Among the 50+ programs and celebrity events happening this weekend at the Houston Cinema Arts Festival (HCAF) is a quiet, short film directed by Houston native Tim Guinee. A 27-minute film is hard enough to promote at film festivals, but it also breaks another basic rule for short films: Don’t do a period piece. Guinee went ahead and made the film, and it’s been playing at a bunch of film festivals and winning all sorts of awards and accolades.
Tim was born in California, but he is a true Houston boy and attended the High School for the Performing and Visual Arts (HSPVA) in the theater department (full disclosure: he was in my class). He now lives in upstate New York in a 1840s farmhouse in the Hudson Valley with his wife Daisy Foote.
If the name Foote sounds familiar, it’s because actress/playwright Daisy is the daughter of playwright/screenwriter Texan-raised Horton Foote, who wrote the screenplays for To Kill a Mockingbird and Tender Mercies, among countless others, including this film, One Armed Man. If the name Guinee sounds familiar, it’s because he’s all over TV and film. If you actually go see interesting movies, you might recognize him from the 1986 epic film Tai-Pan, or from the 1995 indie The Pompatus of Love, or as the star of the very charming and underrated Sweet Land from 2005. But if you’re just a trashy crime drama junkie like me, you know him from several episodes of Law and Order and a juicy Criminal Minds episode. I don’t have cable, so I totally missed the highly critically-acclaimed, but short-lived series Strange World. When the ads came out for the new series Revolution, I was very excited to see Tim featured, and was devastated when he was killed off at the end of the very first episode (although he later reappeared in a few flashblacks). A quick check on IMDB.com shows that I missed him as a recurring character in a number of TV shows: Wiseguy, Golden Years, L.A. Law, etc.

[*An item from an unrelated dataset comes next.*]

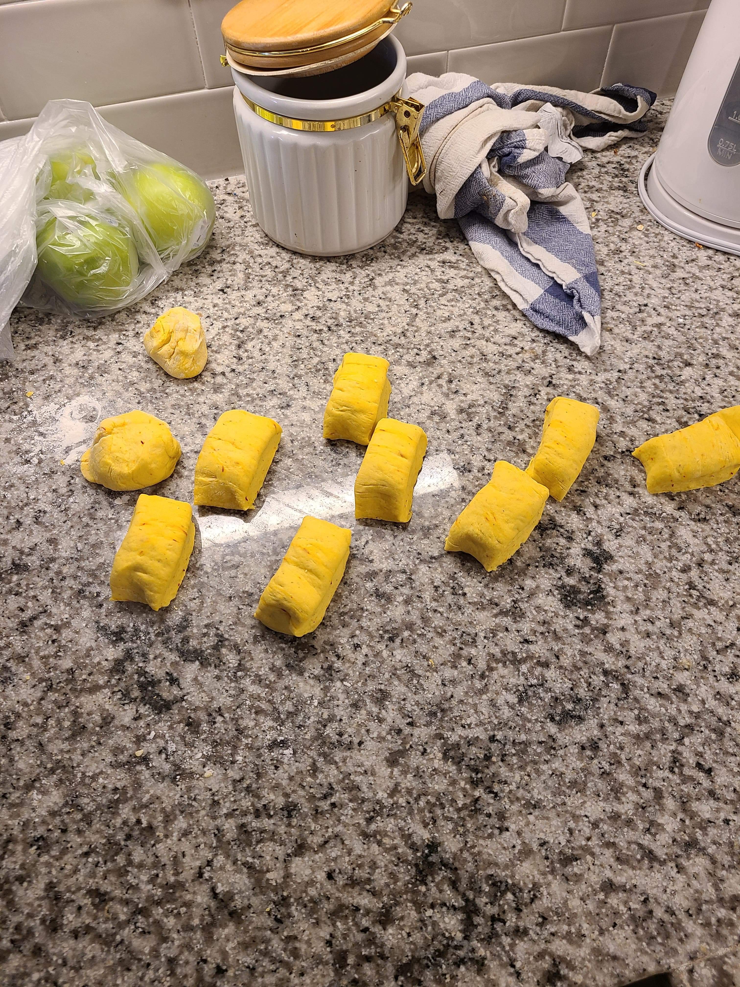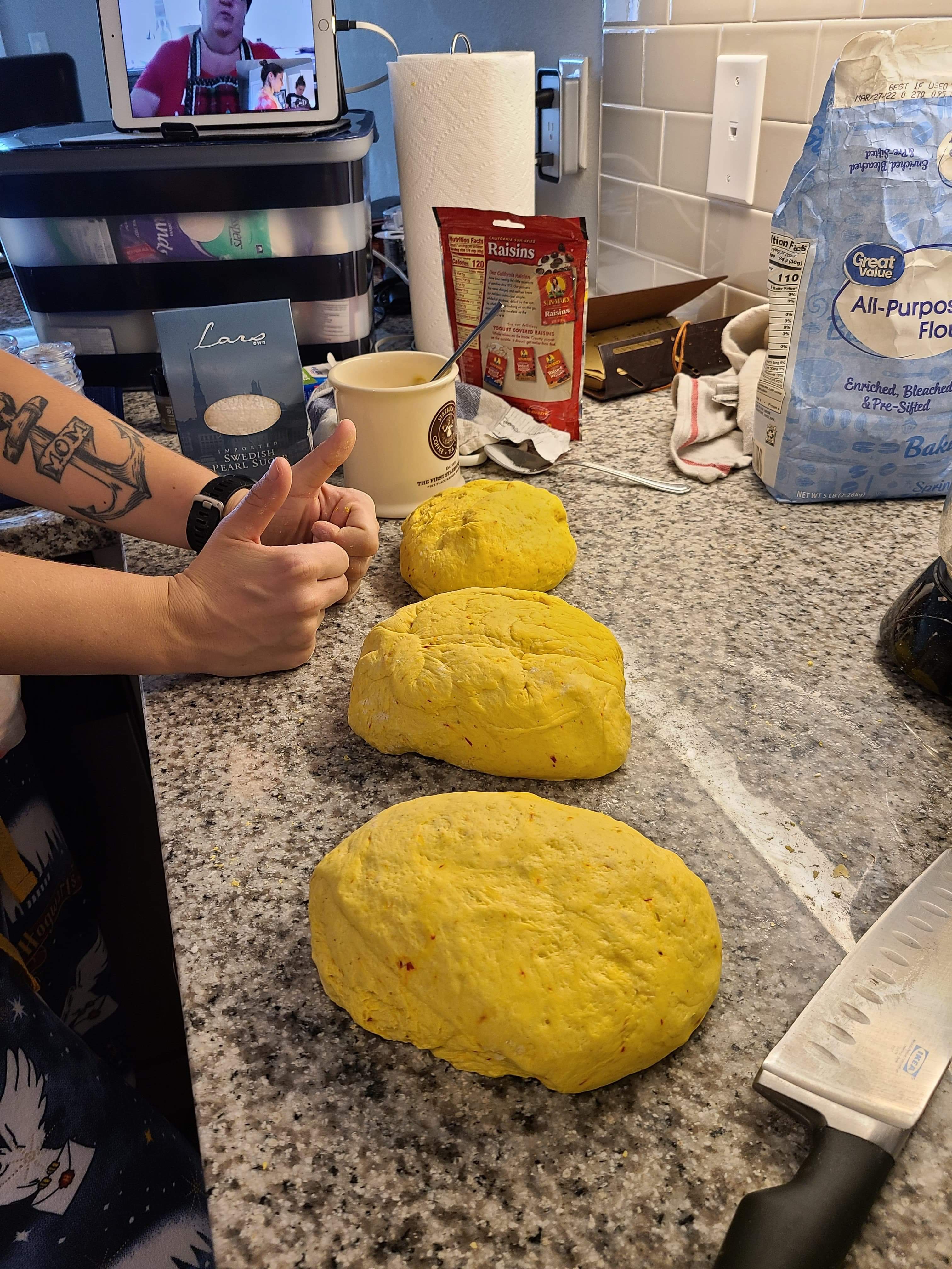 Saffron Rolls is eaten through out the whole Advent time which is from 4 Sundays before Christmas. What is also common is to make the Saffron Cringle or Advent Cringle or Adventskrans as it is called in Swedish and Norwegian. So baking this time I took one part of the dough to make Cringle and 2 parts to make the Luciarolls.

Horton Foote wrote the play One Armed Man, which Tim directed and Charles Haid stars in (another crime drama junkie alert! Haid played Officer Renko on Hill Street Blues), is playing at the MFAH on Friday morning at 11am. Several high school classes will be in attendance, including students from HSPVA, and the screening will be followed by a Q&A with Tim, led by Bob Singleton, former director of HSPVA’s theater department. But there are extra seats and the screening is free! HCAF Artistic Director Richard Herskowitz graciously added another screening at Sundance Cinemas on Sunday at 12:30pm (also free!) for the adult working folk.
Speaking of the working folk, Tim discusses Foote’s play in terms of contemporary issues:
Many consider him a behavioralist writer, but I think it’s very much a social issue thing. It’s absolutely current in terms of worker/CEO, wage-earning disparity, worker safety, and in terms of guns and violence as an issue. [DELETED: in order to not give away the ending to the movie] is fascinating, and unsettling, and terrible. What’s the price of the justification that we all participate in? That, to me, is what feels like our great human sin—how much we’re willing to justify everything. Certainly, the cotton gin owner justifies what he’s doing and the guy with one arm justifies what he’s doing. And I’m not convinced that any of them are making the world a better place through their actions.
Tim adds: “I like this piece of Horton’s a lot because it does make us uneasy, and it should!”
As for Tim Guinee’s return to Houston, he’s got a lot going on. Of the MFAH screening, he says, “My mom was a painter, so there’s something so cool about getting to screen this movie at the MFAH and taking my mom along.” In terms of seeing his old friends, he says, “I’ve never made one of those reunion things, so it’s gonna be fun to see people’s faces.” In terms of seeing his family, he says, “The week before we started shooting, while we were in pre-production, my father died. So I’m excited to come home. This will be the first time I’ve come home since he’s passed.”
And, in terms of presenting Horton Foote’s story in Houston, he says, “It’s sort of like the place it should be seen, because it’s Horton’s people. That feels right.”
One Armed Man, 27 minutes, director Tim Guinee. Friday, November 14, 11am at MFAH. Sunday, November 16 at 12:30pm at Sundance Cinemas. Both screenings are free.